Just for the throtlebodies alone is aprox $1525 + shipping from overseas for what is in this picture. (price listed on his site is old- from '01)









You would still need a *lot* of other parts such as something for ign and fueling (standalone) as well as a lot of little misc stuff that comes up. Or you can buy his complete kit, and it comes with standalone + a base map already. Your would still need injectors, air filters, fuel line adaptors, fpr, etc...


----------



## Lum (Apr 12, 2004)

*Re: ITB's for 16v (vwsnaps)*

http://www.twminduction.com/Th....html
That's one of the best looking kits Ive seen, and TWM has amazing service. They have alot of ways to customize your manifold as well, Id check them out.
Still pricey, but cheaper than up above. WIll probably run you 2500 or so, with the manifold, horns, and sensors. Thats not including the Standalone managment of some sort that you'll need to get in running.


----------



## Mk2enthusiast (Oct 14, 2001)

*Re: ITB's for 16v (PowerDubs)*

just as an addendum...i have a pdf file, basically a pricelist/invoice from bill at badger 5. if tht is his name i dunno looked into it a while ago. will post the file when i get home, the final price was in british pounds 25xx iirc=like 42xx in US dollars. that was including DTA P8Pro though

will try to remember to post it whenever i get home.. http://****************.com/smile/emthup.gif


----------



## EVDTuning (Jul 2, 2004)

*Re: ITB's for 16v (Lum)*


_Quote, originally posted by *Lum* »_http://www.twminduction.com/Th....html
That's one of the best looking kits Ive seen, and TWM has amazing service. They have alot of ways to customize your manifold as well, Id check them out.
Still pricey, but cheaper than up above. WIll probably run you 2500 or so, with the manifold, horns, and sensors. Thats not including the Standalone managment of some sort that you'll need to get in running.

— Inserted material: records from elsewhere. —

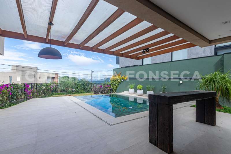 Casa super bonita e gostosa. Acabamentos modernos e de boa qualidade. Caixilhos em alumínio marrom, piso de madeira em toda a área íntima da casa, porcelanato de excelente aderência na área gourmet, energia solar para aquecimento de água e sistema fotovoltaico em funcionamento. Vista linda! O empreendimento ainda conta com campo de futebol e quadra poliesportiva, quadra de tênis, quadra de beach tenis, parquinho e mirante.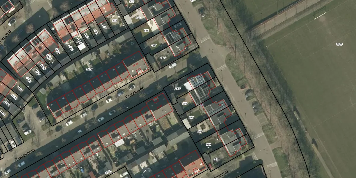 Gebruik de zoekbalk of klik op een perceel om informatie over het perceel te bekijken.
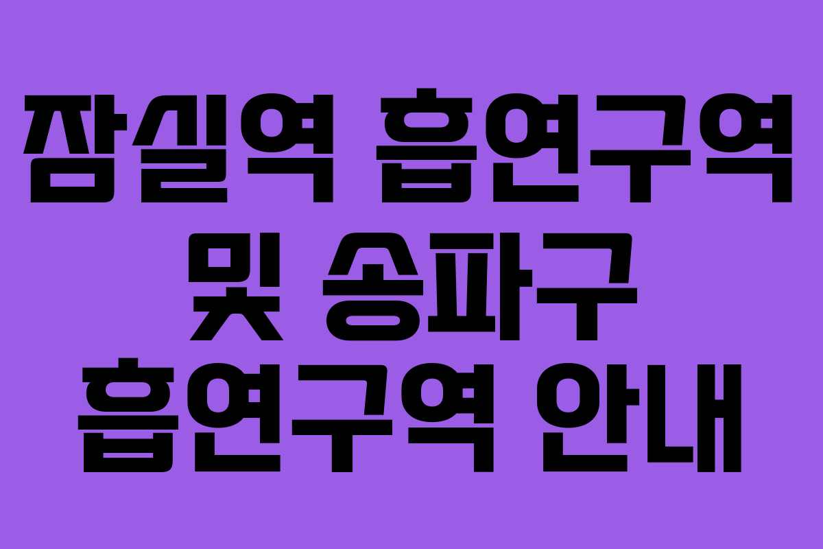 잠실역은 서울의 중심지로, 롯데월드와 잠실야구장 같은 다양한 문화시설이 밀집해 있어 많은 방문객들이 찾는 곳입니다. 그러나 공공장소에서의 흡연이 제한되기 때문에 흡연자들에게는 적절한 흡연 공간을 찾는 것이 필요합니다. 이 글에서는 잠실역 내 흡연구역과 송파구 전체의 흡연구역에 대한 정보를 제공합니다. 이를 통해 흡연자들이 보다 편리하게 흡연 공간을 활용할 수 있도록 돕고자 합니다.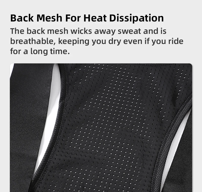 •Stripe mesh breathable fabric on the back designed to maintain breathability and dryness during long-distance cycling.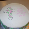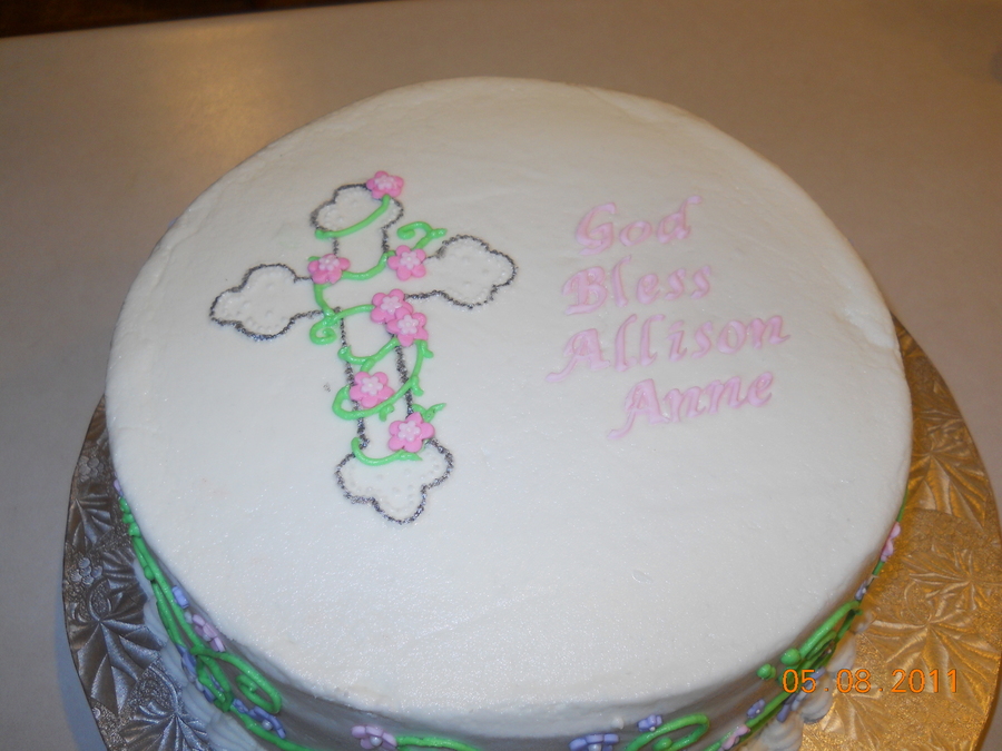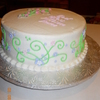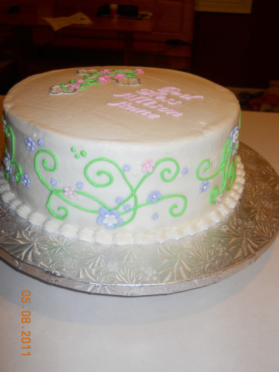 10" cake with buttercream. Used FMM cutters for lettering. Flowers are fondant with candy pearl centers.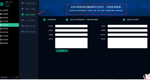 如今许多行业都面临着转型和改变,陈旧的传统营销已经不够用了,要想把产品销售到国外,需要了解国外客户寻找信息的主要途径,制定全套的营销方案,广泛地推广自己的产品。但市场上做外贸的企业不断增多,这么多企业供选择国外客户又为什么要选择您?如何提实现谷歌SEO排名快速提升?……在这里我隆重推出万单哥谷歌获客、谷歌商家挖掘、谷歌SEO营销、谷歌B2B霸屏功能板块,帮助企业实现谷歌SEO排名优化,让全球买家都能搜到,将产品展示给客户,一站式帮助外贸企业实现出海盈利。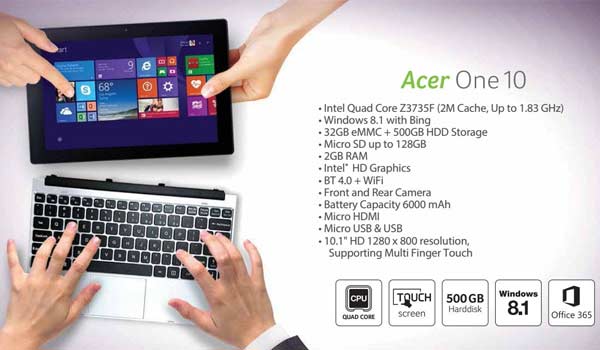 Acer's 2-in-1 touchscreen laptop is powered with an Intel Quad Core Baytrail Processor, this 2-in-1 laptop is rich with multiple features. It comes with dual hard drive, 32GB eMMC ROM integrated in the Tablet and additionally 500GB HDD integrated with the keyboard dock for the laptop usage. Efficient power saving with the battery that runs for over 16 hours in InstantGo.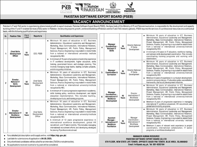 Pakistan Software Export Board (PSEB), Blue Area Islamabad, invites applications for the following positions as advertised in the Nation on 19 April, 2025: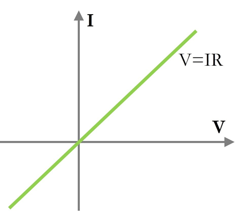 Резистор — це компонент, який є лінійною залежністю між напругою і струмом, що визначається законом Ома, тобто V = I⋅RV = I⋅R. Графічне подання ВАХ рівняння закону Ома є прямою лінією, що проходить через початок координат, як показано на малюнку 2.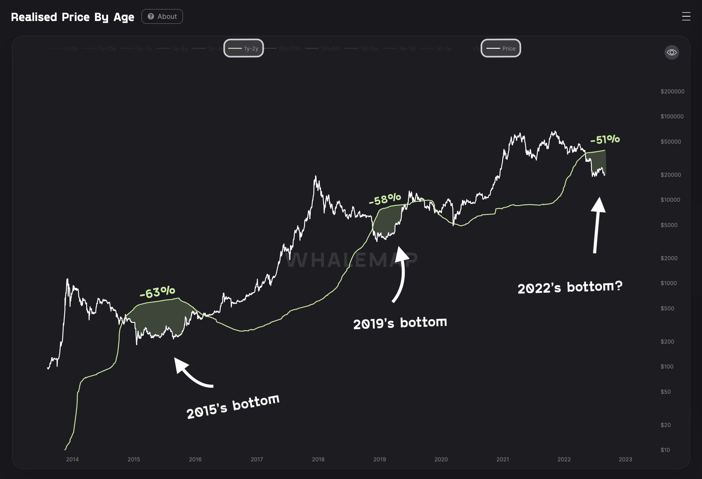 比特币已实现价格注释图表 来源:Whalemap/推特

We currently have these for our project car. 48mm TB though. We have been working with TWM on the 16v kit since Feb. watch out for the VR and 2.0 Xflow kit


----------



## vwsnaps (Jan 2, 2000)

*Re: ITB's for 16v (Mk2enthusiast)*

Wow, didnt realize they were so expensive.. Are they really worth it?


----------



## Estimatd (Feb 15, 2002)

*Re: ITB's for 16v (vwsnaps)*

quoted from the "badger" website;
"Our own demonstrator, a 2ltr MK2 16v Jetta, increased power from 137bhp @ wheels, to 163bhp @ wheels purely because of our direct to head throttle bodies. The engine, which is now a higher mechanical spec, now produces a real dyno proven 174bhp @ wheels with 152lb/ft of torque, 130lb/ft of which is available from a mere 2700rpm."
some places charge that much for a custom turbo install (NGP) but as an alternative you could have a very strong n/a 16v and if thats the direction you want to go, I'd say its worth it, esp. in a time where it seems every passing vw has a blow off valve......


----------